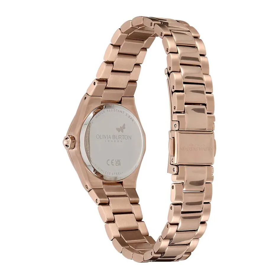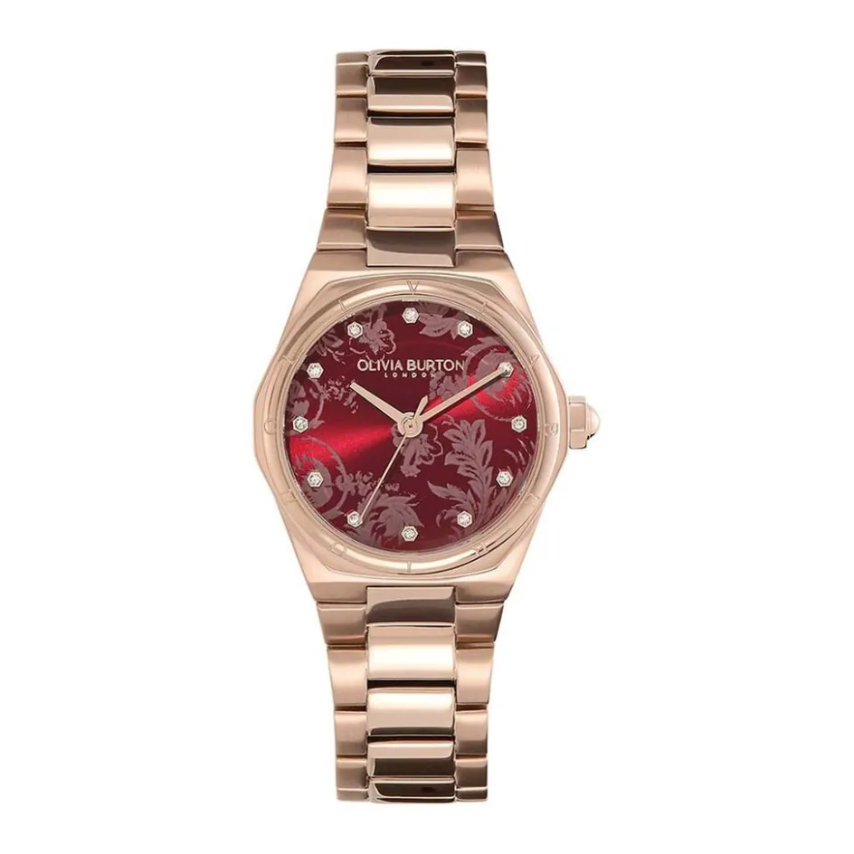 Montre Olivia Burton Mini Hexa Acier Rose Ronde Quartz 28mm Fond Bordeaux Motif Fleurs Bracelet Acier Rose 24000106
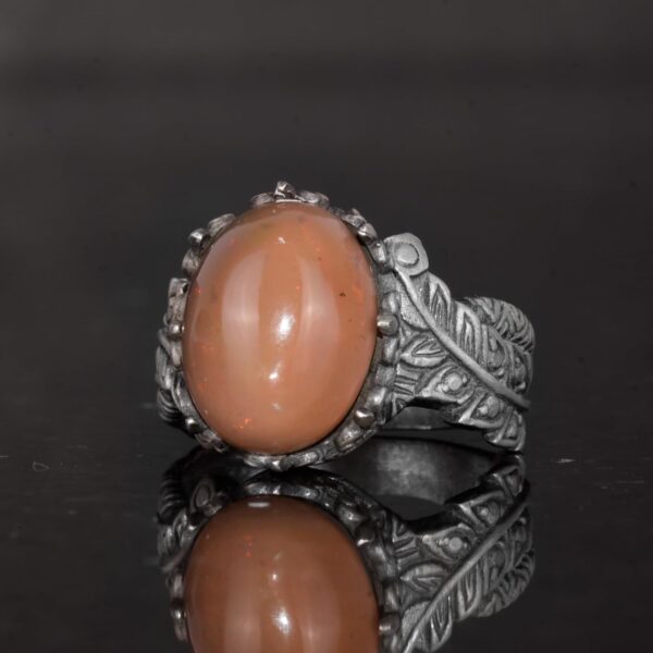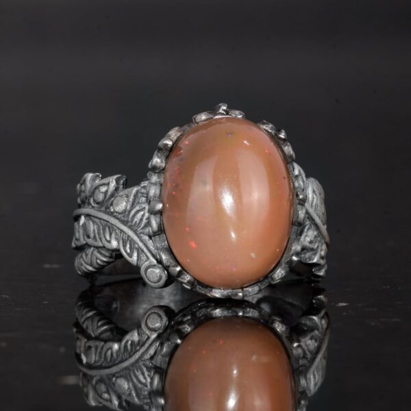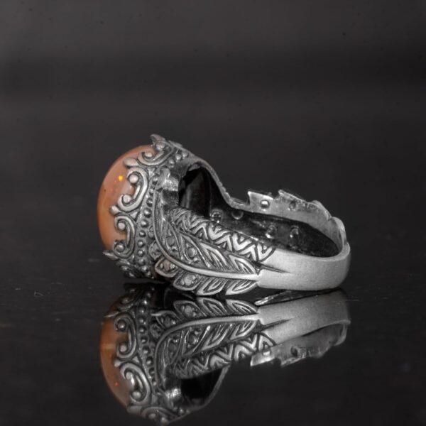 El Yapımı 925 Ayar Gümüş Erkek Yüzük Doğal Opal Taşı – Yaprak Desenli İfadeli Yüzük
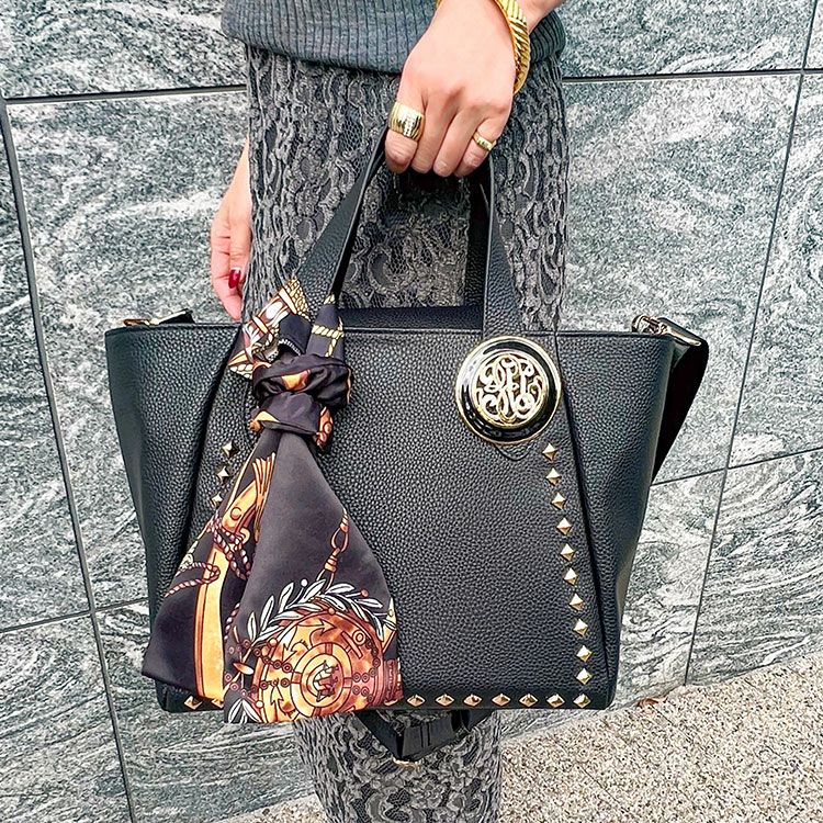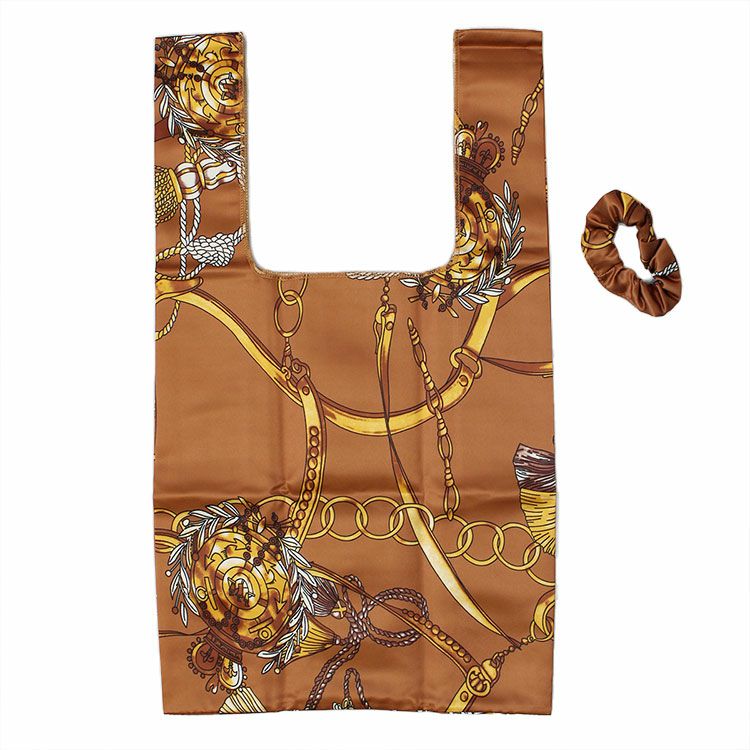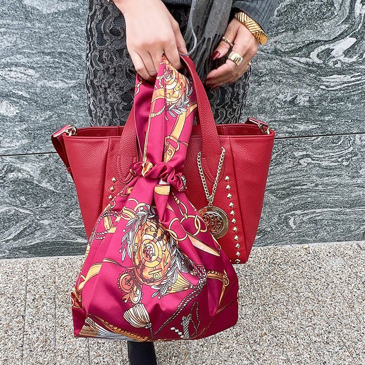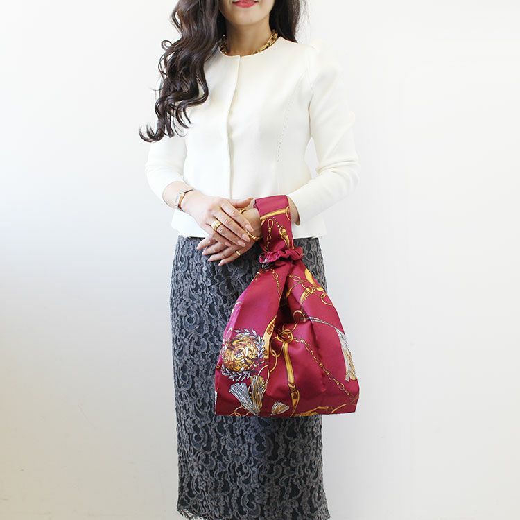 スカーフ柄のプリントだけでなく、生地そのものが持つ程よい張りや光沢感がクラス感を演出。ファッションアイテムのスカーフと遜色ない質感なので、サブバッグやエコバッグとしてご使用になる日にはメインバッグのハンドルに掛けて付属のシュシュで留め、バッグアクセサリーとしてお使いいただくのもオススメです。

● TASK REQUIREMENTS: Restate exactly the lines that start at the "El Yapımı 925" line and end with the last line of the material above, leaving out the pictures.

● REPLY TO THE EXERCISE:
 El Yapımı 925 Ayar Gümüş Erkek Yüzük Doğal Opal Taşı – Yaprak Desenli İfadeli Yüzük
 スカーフ柄のプリントだけでなく、生地そのものが持つ程よい張りや光沢感がクラス感を演出。ファッションアイテムのスカーフと遜色ない質感なので、サブバッグやエコバッグとしてご使用になる日にはメインバッグのハンドルに掛けて付属のシュシュで留め、バッグアクセサリーとしてお使いいただくのもオススメです。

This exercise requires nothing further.